EXERCISE INSTRUCTIONS:
Copy out the data below from the line containing "Remove the filter" to the line containing "This 3-foot x", both lines included, with all images left out.

DATA FOR ANALYSIS:
════

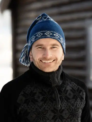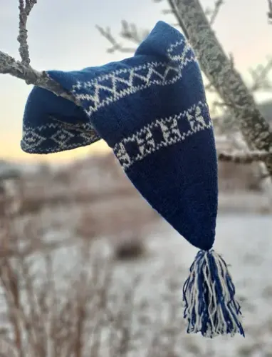 Strikk en 1800-talls mannslue fra Horgeseter i Sigdal, etter original i Sigdal Museum.
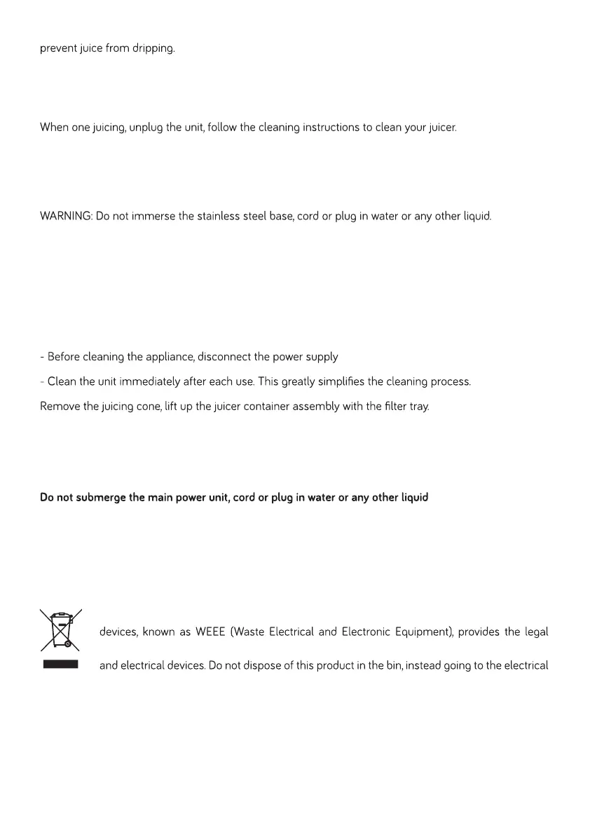 Remove the filter tray, discard pulp and/or pits. Rinse in warm soapy water.
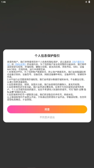 1、软件安装完成后打开,会弹出是否同意的提示,点击同意按钮即可进入注册界面;
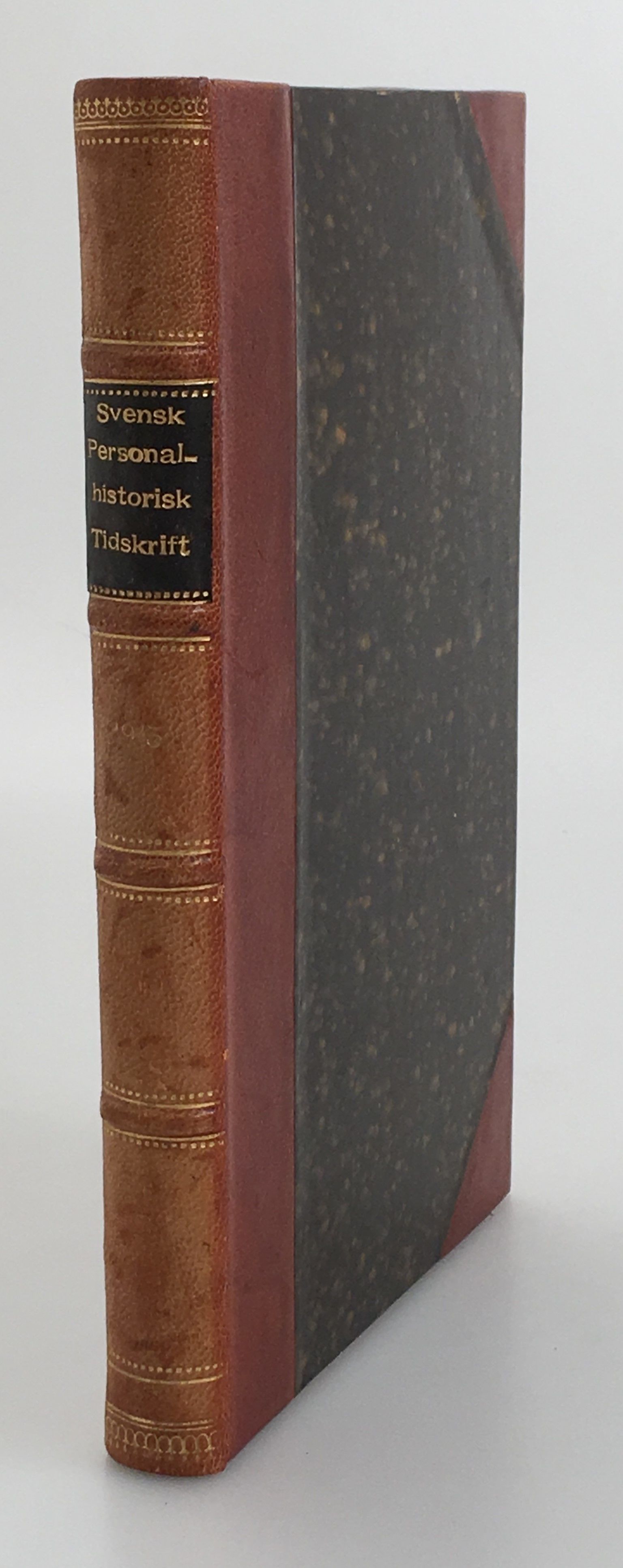 Stockholm, P.A. Norstedt & Söner, 1916. 8:o. (2), 285 s, (6) pl.-bl. Illustrerad. Brunt lätt nött halvskinnband med fyra upphöjda bind, svart ryggtiteletikett, marmorerat pärmpapper. Något solblekt rygg.
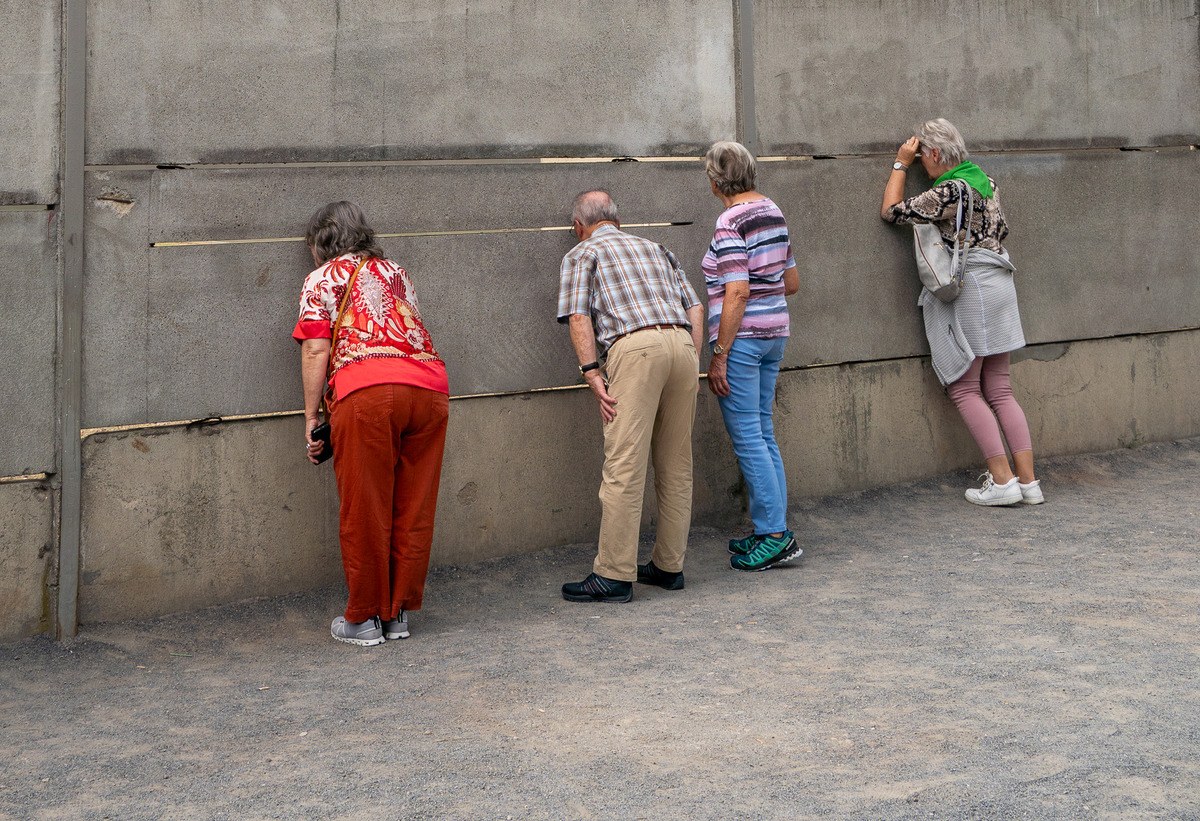 More than three decades after its fall, the Berlin Wall persists — not as a barrier, but as a backdrop to everyday gestures. In this series, fragments of the Wall and its surrounding sites become stages for looking, posing, and remembering. Visitors peer through cracks, photograph reflections, or simply walk by, folding history into routine.
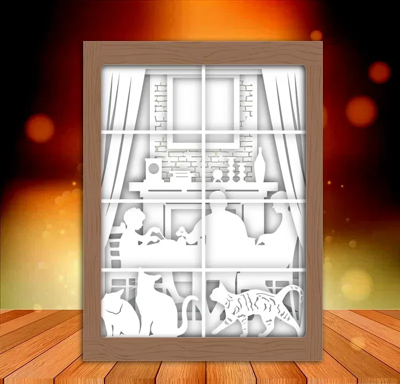 Tạo một hộp đèn gia đình hạnh phúc với mẫu in 3D này. Mua đèn chiếu sáng từ AliExpress hoặc Amazon, lấy file SVG trên Patreon và xem video hướng dẫn lắp ráp. Liên hệ qua email để được hỗ trợ thêm.
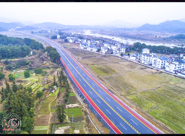 2018年1月1日,在铅山县河永快速通道(河口至永平)上,工人正在画标示线,这标志着该快速通道即将建成通车。距离2016年11月底开工以来,13个月的时间的紧张施工,这条横卧河口镇至永平镇之间,10分钟仅能行驶完全程的美丽公路,终于就要向世人“见面”了。
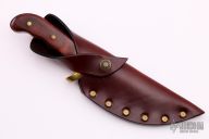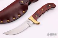 This Kalinga by Buck Knives features a satin finished upswept blade, .178" blade stock and 1.098" blade depth, full tang construction. The handle has brass guard, dymondwood scales with brass pins. Comes with a brown leather sheath, original box and papers. Excellent condition.
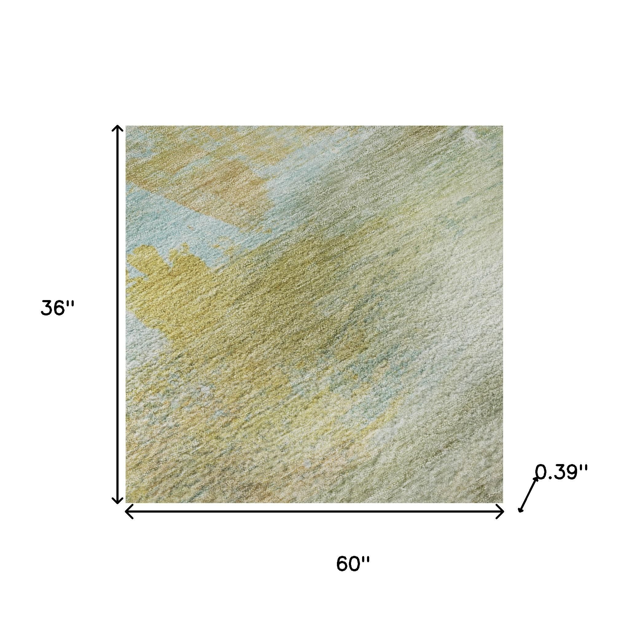 This 3-foot x 5-foot beige and ivory abstract washable area rug with uv protection, is a great way to add warmth to a room. Ideal for spaces with kids and pets, this rug is stain resistant to help repel dirt and spilled liquids. Built to last, this rug crafted from polyester fibers is known for its durability and long lasting appeal. Rugs are a great way to showcase your style, hide imperfections, warm your home and reduce noise. This smaller sized, transitional styled rug is just what you need for your walkway, bedside, in front of door, cabinet, refrigerator, or chair. 36.00-inch h x 60.00-inch w x 0.39-inch d.
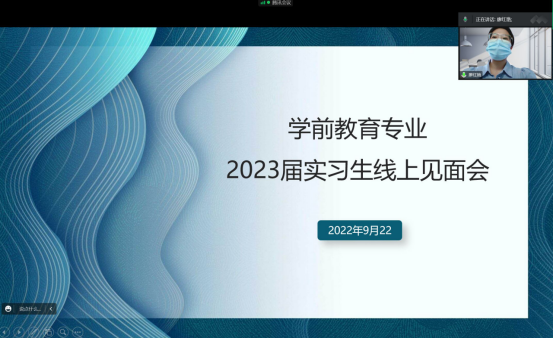 为克服疫情影响,确保2023届毕业生的实习周数,bv伟德国际1946教育学部从9月份开始借助互联网平台召开网上实习会议,启动实习工作。9月22日下午2: 00,学前教育专业18位同学在廖红艳老师的组织下参加了此次会议。
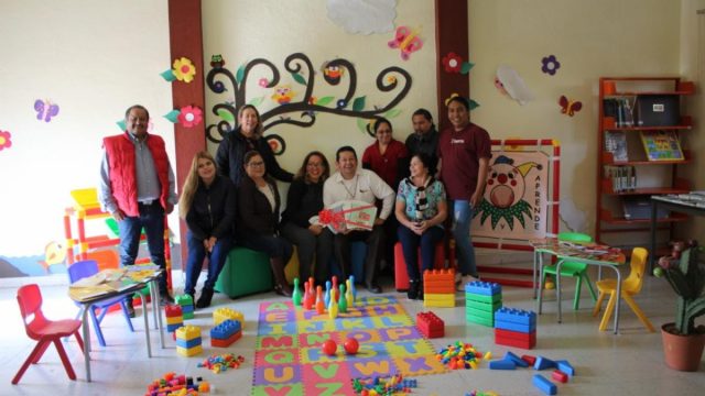 En representación de Gema Mercado Sánchez, titular de la Secretaría de Educación de Zacatecas (Seduzac), Simitrio Quezada Martínez, Coordinador Estatal de de Bibliotecas, entregó al alcalde Carlos Antonio Carrillo Gömez un conjunto de juguetes y material didáctico que ayudará a la recreación y fomento de la lectura en Jalpa.
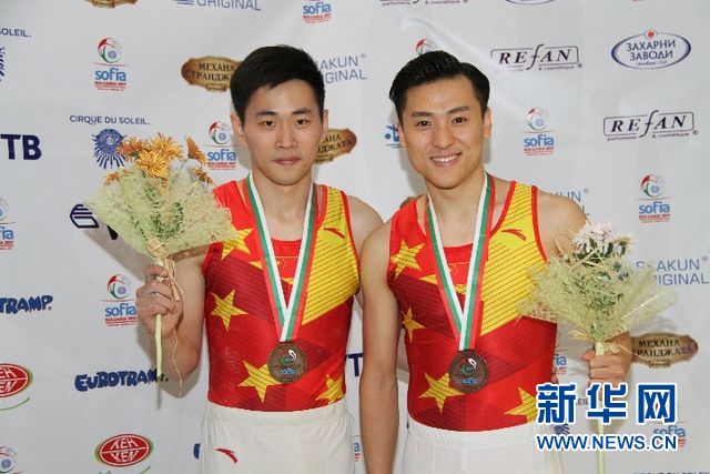 在2017蹦床世界锦标赛上,高磊(左)和董栋分别获得冠军和季军。新华社记者战小漪摄
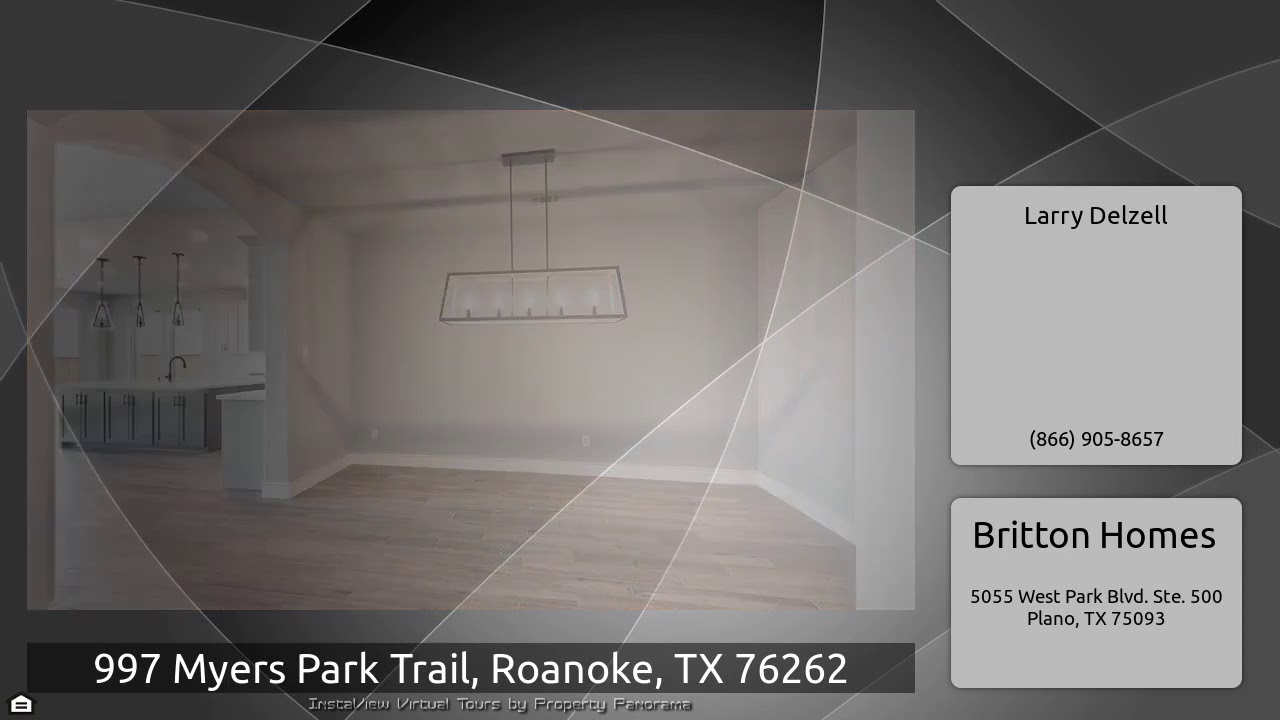 The Virtual Tour for the property at 997 Myers Park Trail, Roanoke, TX 76262 listed for $637,900: Other homes for sale by Larry Delzell of Britton Homes: PERRY HOMES NEW CONSTRUCTION READY FOR MOVE-IN! Mahogany front door. Two-story entry with a circular staircase. Library with French doors. Formal dining room with ceramic tile floor. Two-story open family room with ceramic tile floor and a wall of windows. Kitchen and morning area open to family room. Master bedroom with 12-foot ceiling. Master bath with dual vanities, garden tub, a separate enclosed glass shower and a walk-in closet. …
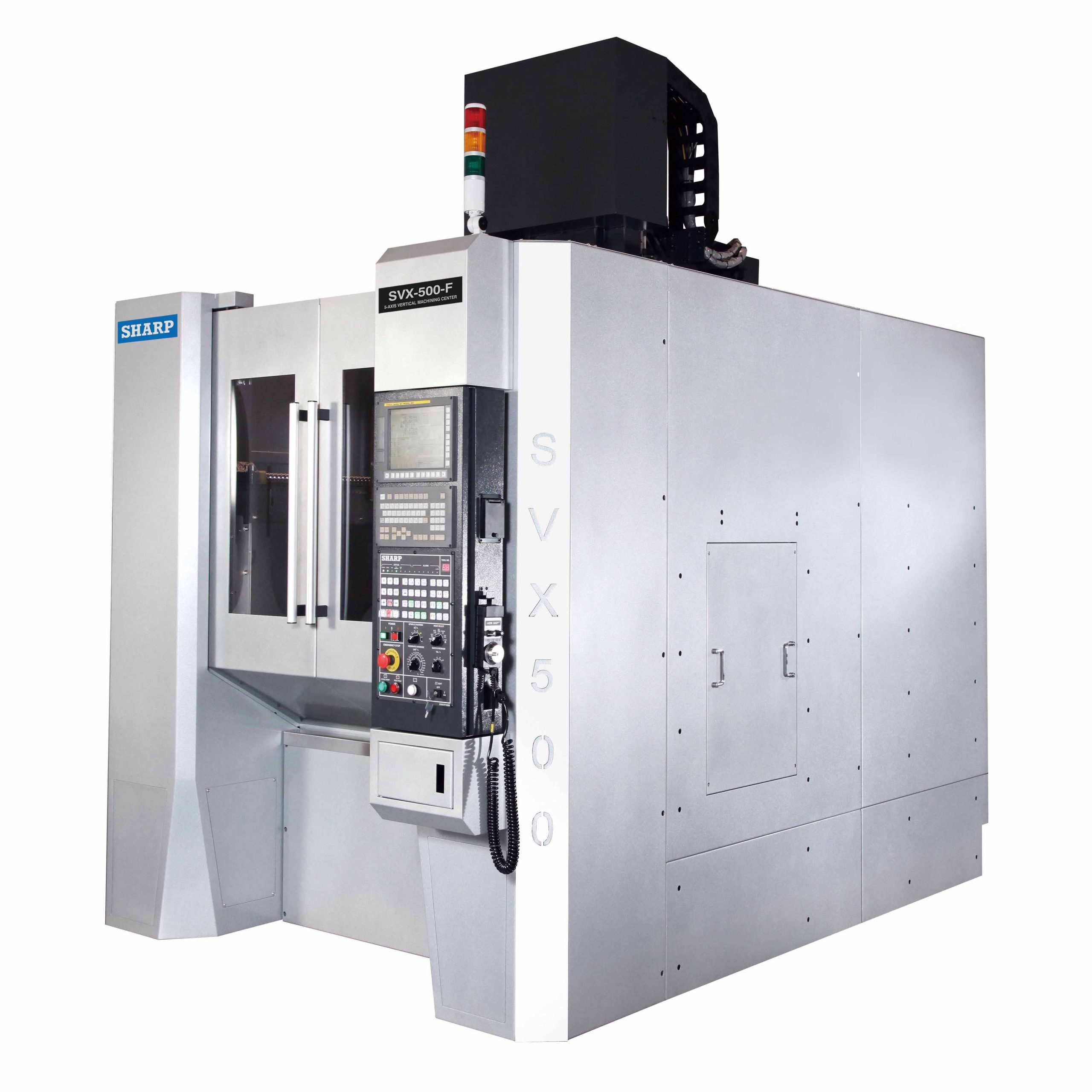 El Centro de maquinado vertical de 5 ejes SVX-500 está diseñado para tener una calidad sin igual y superar a todas las otras máquinas en su categoría. Sharp SVX-500 permite el mecanizado simultáneo de 5 caras y 5 ejes. A diferencia de los 3 ejes que requieren una configuración separada para cortar diferentes lados de una pieza, la máquina de 5 ejes requiere que la pieza se establezca solo una vez y se gire en una serie de posiciones para mecanizar cada lado sin la necesidad de restablecer la pieza. Todas las piezas fundidas principales del SVX-500 se analizan utilizando el Método de elementos finitos (FEM) para localizar áreas de tensión y deformación, múltiples condiciones de carga por desplazamiento térmico, por gravedad, centrífugo y forzado. Las ubicaciones de las costillas están definidas adecuadamente para mantener la rigidez en toda la máquina. El eje 5 se construye utilizando el diseño de caja en caja para garantizar la precisión y la rigidez en diferentes condiciones de corte.

════

COMPLETED TASK:
 Remove the filter tray, discard pulp and/or pits. Rinse in warm soapy water.
 1、软件安装完成后打开,会弹出是否同意的提示,点击同意按钮即可进入注册界面;
 Stockholm, P.A. Norstedt & Söner, 1916. 8:o. (2), 285 s, (6) pl.-bl. Illustrerad. Brunt lätt nött halvskinnband med fyra upphöjda bind, svart ryggtiteletikett, marmorerat pärmpapper. Något solblekt rygg.
 More than three decades after its fall, the Berlin Wall persists — not as a barrier, but as a backdrop to everyday gestures. In this series, fragments of the Wall and its surrounding sites become stages for looking, posing, and remembering. Visitors peer through cracks, photograph reflections, or simply walk by, folding history into routine.
 Tạo một hộp đèn gia đình hạnh phúc với mẫu in 3D này. Mua đèn chiếu sáng từ AliExpress hoặc Amazon, lấy file SVG trên Patreon và xem video hướng dẫn lắp ráp. Liên hệ qua email để được hỗ trợ thêm.
 2018年1月1日,在铅山县河永快速通道(河口至永平)上,工人正在画标示线,这标志着该快速通道即将建成通车。距离2016年11月底开工以来,13个月的时间的紧张施工,这条横卧河口镇至永平镇之间,10分钟仅能行驶完全程的美丽公路,终于就要向世人“见面”了。
 This Kalinga by Buck Knives features a satin finished upswept blade, .178" blade stock and 1.098" blade depth, full tang construction. The handle has brass guard, dymondwood scales with brass pins. Comes with a brown leather sheath, original box and papers. Excellent condition.
 This 3-foot x 5-foot beige and ivory abstract washable area rug with uv protection, is a great way to add warmth to a room. Ideal for spaces with kids and pets, this rug is stain resistant to help repel dirt and spilled liquids. Built to last, this rug crafted from polyester fibers is known for its durability and long lasting appeal. Rugs are a great way to showcase your style, hide imperfections, warm your home and reduce noise. This smaller sized, transitional styled rug is just what you need for your walkway, bedside, in front of door, cabinet, refrigerator, or chair. 36.00-inch h x 60.00-inch w x 0.39-inch d.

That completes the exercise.